Mild encephalitis/encephalopathy with a reversible splenial lesion in children.

作者信息

Liptai Zoltán, Ivády Balázs, Barsi Péter, Várallyay György, Rudas Gábor, Fogarasi András

机构信息

Department of Paediatrics, Szent László Hospital, Budapest.

出版信息

Ideggyogy Sz. 2013 Jan 30;66(1-2):67-71.

Abstract

Authors, most of them Japanese, have recently published an increasing number of articles on mild encephalitis/encephalopathy with a reversible splenial lesion. We report on two new white European patients and compare published data with our own observations. A 15-year-old girl developed headache, fever, dizziness, vomiting and nuchal rigidity over four days. CSF showed elevated protein and cell count, with the lowest serum Na being 131 mmol/L. MRI on day seven was normal, but she remained febrile, had cerebral edema and episodes of confusion. MRI on day 11 showed a small T2-hyperintense lesion with restricted diffusion in the callosal splenium. Adenoviral infection was proved, and the girl underwent a protracted course of recovery. MRI signal changes improved in six days and disappeared after four months. A 12.5-year-old girl developed headache, lethargy, drowsiness and vomiting. On day five she experienced right-sided numbness, weakness and inability to speak which lasted 12 hours. She was confused and disoriented. MRI disclosed a tiny area of increased T2-signal and restricted diffusion in the splenium.
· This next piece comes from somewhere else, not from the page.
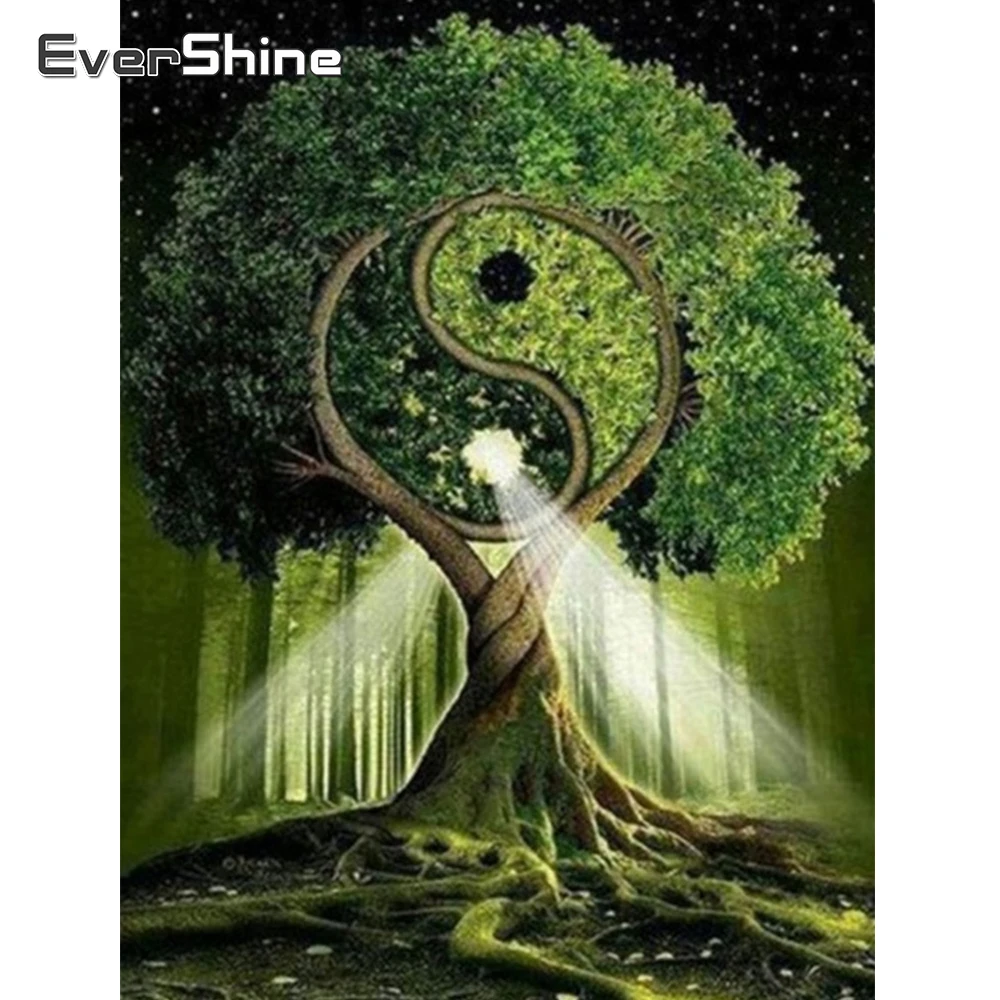 EverShine, алмазная живопись 5D DIY Бриллиантовая вышивка с изображением дерева камни в форме ромба Тай Чи Стразы мозаика живописные вышивки крестом Настенный декор

Serum Na was 133 mmol/L, CSF cell count and protein was markedly elevated, and enteroviral infection was detected. Echocardiography showed no changes predisposing to clot formation and no thrombophilia was found. Her symptoms resolved in a week and MRI was normal two months later. These two non-epileptic children increase the small number of white European patients with MERS reported so far. Both had hyponatremia and encephalitis and patient 2 had transient ischemic attack, possibly due to the cerebral edema also resulting in the splenial lesion.

摘要

作者大多为日本人,近期发表了越来越多关于伴有可逆性胼胝体压部病变的轻度脑炎/脑病的文章。我们报告两例新的白种欧洲患者,并将已发表的数据与我们自己的观察结果进行比较。一名15岁女孩在四天内出现头痛、发热、头晕、呕吐和颈部强直。脑脊液显示蛋白和细胞计数升高,血清钠最低为131 mmol/L。第7天的MRI检查正常,但她仍发热,有脑水肿和意识模糊发作。第11天的MRI显示胼胝体压部有一个小的T2高信号病变,弥散受限。证实为腺病毒感染,该女孩经历了漫长的康复过程。MRI信号变化在6天内改善,4个月后消失。一名12.5岁女孩出现头痛、嗜睡、昏睡和呕吐。第5天,她出现右侧麻木、无力和失语,持续12小时。她神志不清、定向障碍。MRI显示胼胝体压部有一个微小的T2信号增强和弥散受限区域。血清钠为133 mmol/L,脑脊液细胞计数和蛋白明显升高,检测到肠道病毒感染。超声心动图显示无易导致血栓形成的改变,未发现血栓形成倾向。她的症状在一周内缓解,两个月后MRI检查正常。这两名非癫痫儿童增加了迄今为止报道的白种欧洲MERS患者的少数病例。两人均有低钠血症和脑炎,患者2有短暂性脑缺血发作,可能是由于脑水肿也导致了胼胝体压部病变。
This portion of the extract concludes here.